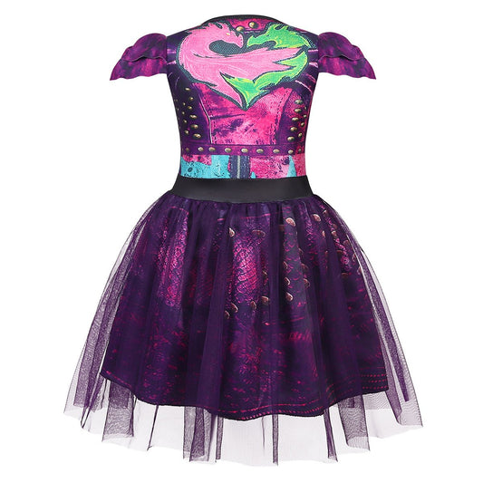 Kids Uma Costume Tulle Mesh Princess Dress Girls Halloween Dress Up Outfit
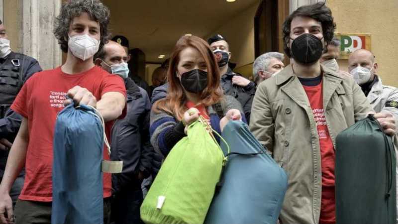 Una ventina di esponenti del movimento, guidati da Mattia Santori e Jasmine Cristallo, ha manifestato con tende e sacchi a pelo, oggi pomeriggio sotto la sede del Partito Democratico in via del Nazareno a Roma.
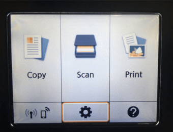 - Ensure that the printer is powered on and then tap the setup (gear icon) on the printer display’s home screen.

_Task goal:_ When you output the listing, reproduce it exactly but drop its pictures.

_Worked solution:_
 Kids Uma Costume Tulle Mesh Princess Dress Girls Halloween Dress Up Outfit
 Una ventina di esponenti del movimento, guidati da Mattia Santori e Jasmine Cristallo, ha manifestato con tende e sacchi a pelo, oggi pomeriggio sotto la sede del Partito Democratico in via del Nazareno a Roma.
 - Ensure that the printer is powered on and then tap the setup (gear icon) on the printer display’s home screen.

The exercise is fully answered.